This summer, thousands of artificial-intelligence researchers called for a ban on robot killers.

And now, in an interesting twist, ethicists have started calling for a ban on robotic lovers — sex robots.

Artificially intelligent (AI) sex robots that could pass for humans don't currently exist, but the Campaign Against Sex Robots thinks researchers and ethicists need to get ahead of the issue before they become a reality.

"Sex robots seem to be a growing focus in the robotics industry, and the models that they — how they will look, what roles they would play — are very disturbing indeed," Kathleen Richardson, robot anthropologist and ethicist at the De Montfort University, told the BBC.

Richardson and Erik Billing, a robotics and cognitive-science researcher from the University of Skovde in Sweden, are leading the charge to ban sex robots. Their new paper, decrying the development of sex robots, is available on their website.

Here's their argument:

  • Sex robots would lead to more objectification of women and children.
  • The relationships between humans and their sex robots would mirror that of the prostitute and the john. The john has all the power and the prostitute is reduced to an object, "just like a robot."
  • People who frequently use sex robots would be deprived of the benefits of relationships with real humans.
  • The widespread use of sex robots wouldn't reduce the exploitation and trafficking of prostitutes. According to the paper, "all the evidence shows how technology and the sex trade coexist" and could actually create more a demand for human prostitutes.

At the rate that AI's ability to mimic human movements and conversational skills is improving, full-size sex toys that look and act like humans aren't all that far away.

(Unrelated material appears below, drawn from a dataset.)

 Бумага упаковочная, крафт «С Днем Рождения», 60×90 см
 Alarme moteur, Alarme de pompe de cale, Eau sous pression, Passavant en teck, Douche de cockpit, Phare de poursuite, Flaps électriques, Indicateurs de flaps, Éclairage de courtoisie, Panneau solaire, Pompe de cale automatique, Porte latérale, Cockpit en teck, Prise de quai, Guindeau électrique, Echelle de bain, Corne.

Philosopher Nick Bostrom surveyed 550 AI researchers to gauge when they think human-level AI, or AI that has the full breadth of capabilities an average human has, would be possible. The researchers responded that there is a 50% chance that it will be possible between 2040 and 2050, and a 90% chance that it will be built by 2075.

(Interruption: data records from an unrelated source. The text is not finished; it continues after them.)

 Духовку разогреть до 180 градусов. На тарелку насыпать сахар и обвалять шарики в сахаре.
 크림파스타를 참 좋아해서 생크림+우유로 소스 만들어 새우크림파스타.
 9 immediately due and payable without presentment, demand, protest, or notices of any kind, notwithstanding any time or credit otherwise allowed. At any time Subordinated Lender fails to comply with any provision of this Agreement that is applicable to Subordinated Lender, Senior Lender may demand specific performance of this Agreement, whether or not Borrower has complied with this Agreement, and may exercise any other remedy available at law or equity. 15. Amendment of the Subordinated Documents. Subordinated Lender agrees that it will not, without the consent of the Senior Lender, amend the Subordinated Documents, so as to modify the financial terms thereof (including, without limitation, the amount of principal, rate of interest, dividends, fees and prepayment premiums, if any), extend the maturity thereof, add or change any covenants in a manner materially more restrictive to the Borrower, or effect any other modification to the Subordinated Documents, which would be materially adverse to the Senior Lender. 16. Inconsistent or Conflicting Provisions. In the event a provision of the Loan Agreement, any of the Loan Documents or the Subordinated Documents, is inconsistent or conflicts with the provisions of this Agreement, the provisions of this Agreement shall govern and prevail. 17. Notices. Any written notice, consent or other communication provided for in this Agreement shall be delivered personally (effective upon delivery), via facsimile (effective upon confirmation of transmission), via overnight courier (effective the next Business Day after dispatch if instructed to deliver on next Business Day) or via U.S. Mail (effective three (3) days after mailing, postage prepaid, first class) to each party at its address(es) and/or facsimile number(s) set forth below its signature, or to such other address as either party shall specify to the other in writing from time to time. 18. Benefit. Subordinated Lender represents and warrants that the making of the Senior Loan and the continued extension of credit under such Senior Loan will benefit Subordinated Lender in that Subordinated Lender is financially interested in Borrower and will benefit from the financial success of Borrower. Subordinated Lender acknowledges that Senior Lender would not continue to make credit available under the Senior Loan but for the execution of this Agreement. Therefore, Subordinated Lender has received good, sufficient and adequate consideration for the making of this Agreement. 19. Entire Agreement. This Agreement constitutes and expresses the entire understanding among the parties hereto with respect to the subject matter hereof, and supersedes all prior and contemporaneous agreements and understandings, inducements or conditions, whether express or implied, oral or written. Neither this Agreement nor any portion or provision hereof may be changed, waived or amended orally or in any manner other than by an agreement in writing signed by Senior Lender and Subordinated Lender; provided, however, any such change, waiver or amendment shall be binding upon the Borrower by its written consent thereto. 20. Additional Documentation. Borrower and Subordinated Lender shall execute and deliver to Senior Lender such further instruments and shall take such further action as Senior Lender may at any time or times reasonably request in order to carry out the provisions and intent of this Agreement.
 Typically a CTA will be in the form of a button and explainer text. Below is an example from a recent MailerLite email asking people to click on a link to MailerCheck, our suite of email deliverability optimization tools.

While Bostrom wasn't talking specifically about sex robots, the idea that the AI and robotics fields are developing that quickly will have widespread consequences for all different areas of our lives.

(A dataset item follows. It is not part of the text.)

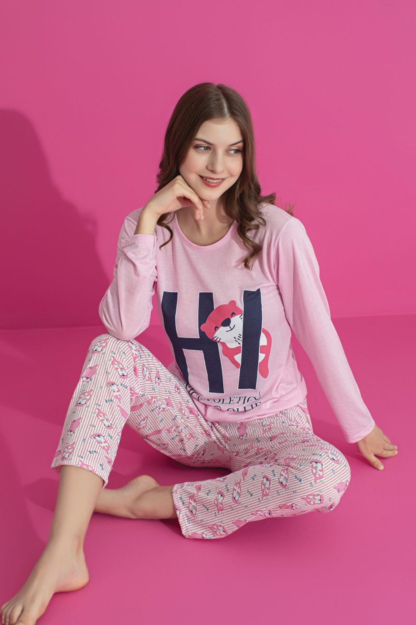 Accueil Vêtements et Style « Ensemble de pyjama long à manches pour femme en coton à motifs, modèle Dreamy. »
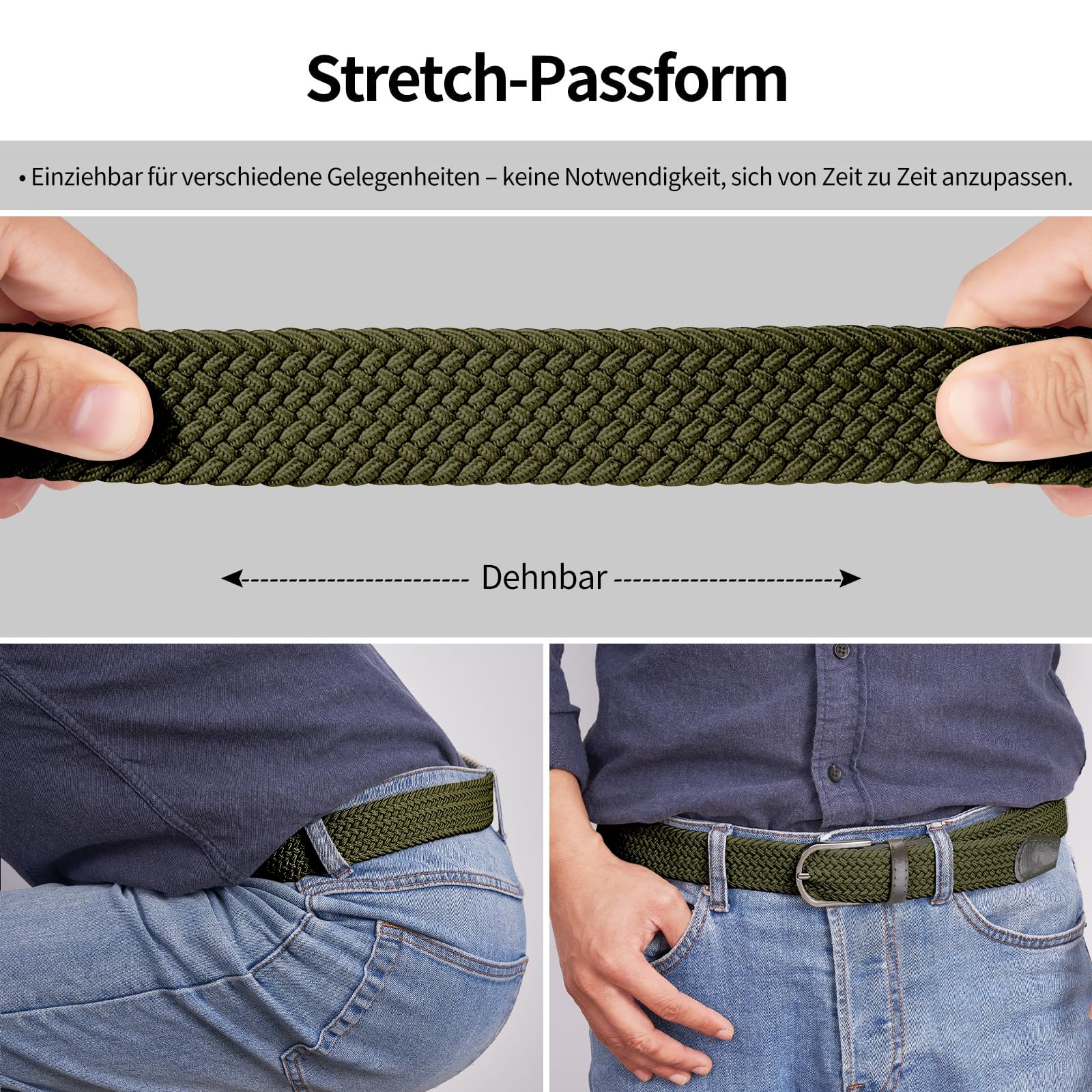 TANGCHAO Stoffgürtel Stretchgürtel Elastik Flechtgürtel Geflochtener und Elastischer Dehnbarer Gürtel für Damen und Herren Breite 3.3cm Länge 90 cm bis 135 cm

According to Wired, a company called True Companion claims to have built the first sex robot, slated to be released later this year. Douglas Hines, the president of True Companion, told the BBC that the sex robots would be "a solution for people who are between relationships or someone who has lost a spouse" but aren't meant to replace real human beings.

But David Levy, author of "Love and Sex with Robots" told the BBC that humans and robots in intimate relationships will be a common sight by 2050.

"There is an increasing number of people who find it difficult to form relationships," Levy told the BBC. Sex robots, he said, "will fill a void."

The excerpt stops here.